-------- RECORD EXTRACTS --------

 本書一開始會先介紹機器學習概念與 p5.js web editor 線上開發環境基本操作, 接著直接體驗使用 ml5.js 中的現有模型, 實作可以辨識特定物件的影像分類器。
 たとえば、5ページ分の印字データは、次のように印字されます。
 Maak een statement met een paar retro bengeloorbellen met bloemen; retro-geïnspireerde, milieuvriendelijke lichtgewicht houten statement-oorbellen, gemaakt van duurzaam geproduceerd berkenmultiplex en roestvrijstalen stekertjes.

--------
-------- RECORD EXTRACTS --------

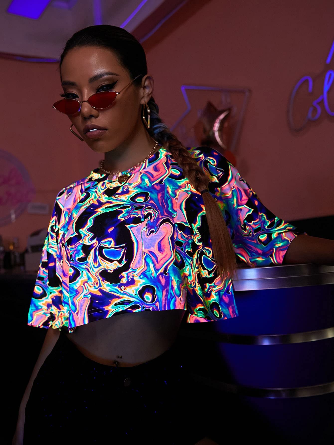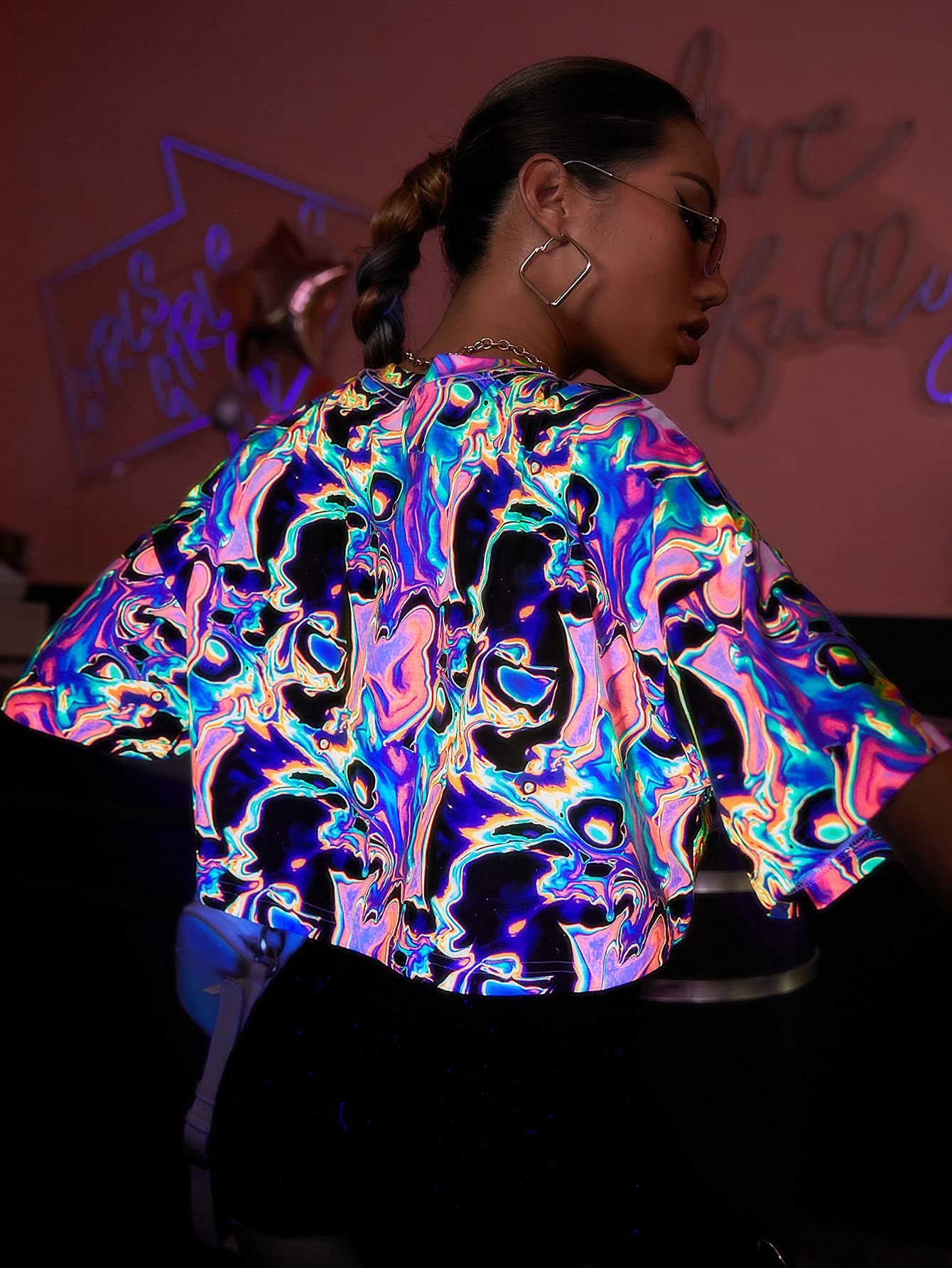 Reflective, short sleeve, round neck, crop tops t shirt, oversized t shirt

--------

Would you print exactly, and only, the lines of the data above from the line with "たとえば、5ページ分の印字データは、次のように印字されます。" through the line with "Maak een statement", inclusive?

ANSWER SECTION —
 たとえば、5ページ分の印字データは、次のように印字されます。
 Maak een statement met een paar retro bengeloorbellen met bloemen; retro-geïnspireerde, milieuvriendelijke lichtgewicht houten statement-oorbellen, gemaakt van duurzaam geproduceerd berkenmultiplex en roestvrijstalen stekertjes.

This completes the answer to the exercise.